Las calles están tomadas, las puertas de los negocios se tiñen de sangre, y las casas ya no son refugio: son blancos. La extorsión es la nueva tarifa que los peruanos pagan para poder trabajar o simplemente existir. ¿Seguridad? Solo en las vitrinas de los políticos, porque en la calle el miedo es el que gobierna.
Lo que vivimos no es una crisis de inseguridad; es una crisis de Estado. El reciente asesinato de Paul Flores, integrante de la querida agrupación Armonía 10, baleado dentro de un bus, es la prueba más cruel de que aquí nadie está a salvo. Si pueden matar a plena luz del día y escapar como si nada, ¿qué nos espera al resto de mortales anónimos? Los sicarios ya no usan pasamontañas: usan la certeza de que no los atraparán.
Mientras tanto, el gobierno nos ofrece su «gran solución»: un estado de emergencia que no es más que un disfraz mal cosido para tapar la inoperancia. Es un saludo a la bandera con la mano temblorosa de quien no sabe qué hacer. Y como era de esperarse, la delincuencia no solo no retrocedió, sino que tomó impulso. Se burló de la medida y ahora mata más y con más descaro. La emergencia no cayó sobre los criminales: cayó sobre nosotros, los ciudadanos, que seguimos desprotegidos.
La extorsión ya no es solo cosa de grandes empresarios o comerciantes. El bodeguero de la esquina, el taxista, el profesor que pone una fotocopiadora, todos están en la mira. Les dejan cartas amenazantes, les exigen cupos. «Paga o mueres», esa es la nueva tarifa. Y muchos pagan con lo poco que tienen, mientras otros pagan con su vida. ¿Qué hace el Estado? ¿Investiga? ¿Desarticula bandas? No. Anuncia medidas que parecen sacadas de un guion de comedia negra.
La marcha por la paz, realizada hace unos días, fue la voz desesperada de una población harta de poner muertos mientras los políticos se pelean por sus cuotas de poder. Miles de peruanos salieron a decir basta. Basta de mirar a otro lado. Basta de declaraciones vacías. Basta de perder el país a manos de criminales que hoy parecen tener más poder que el propio gobierno.

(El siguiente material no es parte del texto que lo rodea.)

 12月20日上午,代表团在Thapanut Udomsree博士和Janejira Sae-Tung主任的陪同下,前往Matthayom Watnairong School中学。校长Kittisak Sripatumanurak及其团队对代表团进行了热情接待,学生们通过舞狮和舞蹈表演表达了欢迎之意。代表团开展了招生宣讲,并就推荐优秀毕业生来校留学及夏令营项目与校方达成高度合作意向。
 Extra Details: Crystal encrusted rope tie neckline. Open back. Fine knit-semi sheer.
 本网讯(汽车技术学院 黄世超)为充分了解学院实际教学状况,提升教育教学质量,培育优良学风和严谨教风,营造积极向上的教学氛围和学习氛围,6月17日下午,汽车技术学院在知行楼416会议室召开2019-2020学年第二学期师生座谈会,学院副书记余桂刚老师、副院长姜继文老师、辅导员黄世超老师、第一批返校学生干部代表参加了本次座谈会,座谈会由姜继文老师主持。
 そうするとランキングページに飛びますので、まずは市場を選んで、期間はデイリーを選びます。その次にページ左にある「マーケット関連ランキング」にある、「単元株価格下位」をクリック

El destino de Perú está en juego. Y es un juego cruel donde el poder siempre gana y nosotros siempre perdemos. Si las autoridades no toman medidas reales —y no solo medidas para la foto—, la espiral de violencia seguirá su curso, arrastrándonos a todos. La delincuencia no solo nos quita vidas: nos quita la esperanza, nos roba el sueño de un país mejor.
El problema es que ya no estamos al borde del abismo: estamos cayendo. Y mientras caemos, las autoridades siguen discutiendo si el suelo es de piedra o de arena. No necesitamos discursos; necesitamos acción. La pregunta ya no es si la situación empeorará, sino cuánto falta para que sea irreversible.

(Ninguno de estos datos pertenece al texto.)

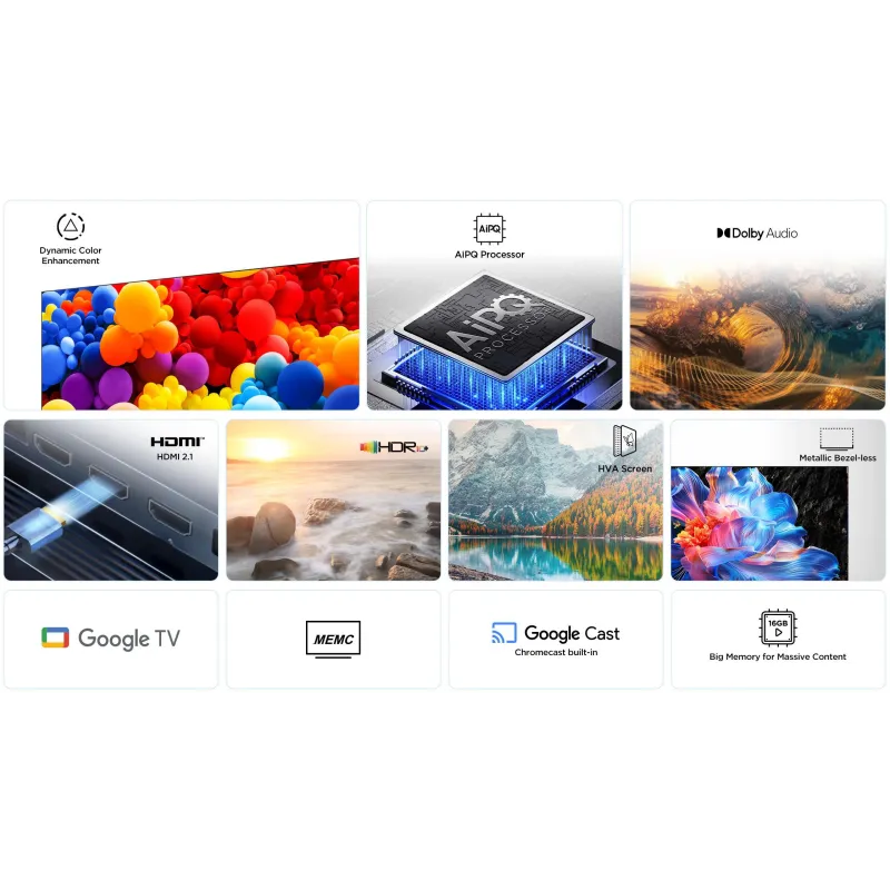 - Tecnología de procesamiento de imagen: TCL AiPQ Processor
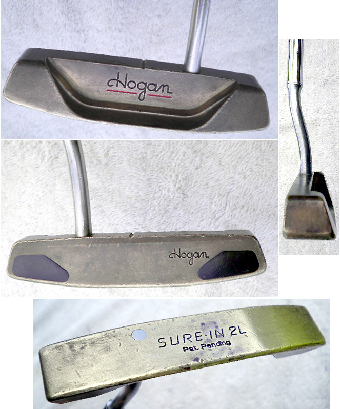 Great design seen many times over, even to the present. The Sure-Out and Sure-On wedges appeared around 1965 so this 'sure-in' likely was introduced around the same time. Other than edgewear, face-balanced head is in very good condition - note beveled top edge on face. Not sure what is under the black plastic heel-toe face inserts. Twisted neck, to offset the head, rises 90 degrees from top of head. Neck is aluminum with thrubore to sole. Nearly new overhosel stepped steel shaft with very fine chrome sparkle and excellent IMD weighting shaftband. Lamkin Perma Tac rubber pistol grip is fine and soft. 35".

El crimen organizado no solo crece: se organiza mejor que el propio Estado. Y cada día que pasa sin soluciones reales, ellos ganan territorio, dinero y poder. Si el gobierno no reacciona, si las fuerzas del orden no dejan de ser cómplices por omisión o corrupción, el Perú se convertirá en un narcoestado donde la ley será la del más armado.
Los peruanos estamos hartos de vivir entre balas y silencios cómplices. Queremos caminar sin miedo, queremos trabajar sin ser extorsionados, queremos volver a casa y que nuestros hijos estén vivos. Queremos un país donde la vida valga más que una amenaza. Queremos algo que debería ser básico: vivir.
Perú no merece ser sepultado bajo la violencia. Pero si quienes gobiernan siguen sordos a los gritos de su pueblo, la historia no los recordará como líderes, sino como los sepultureros de una nación que una vez soñó con ser grande. La delincuencia ya hizo su jugada. Ahora le toca al gobierno. ¿Responderá o dejará que la partida termine en jaque mate para todos nosotros?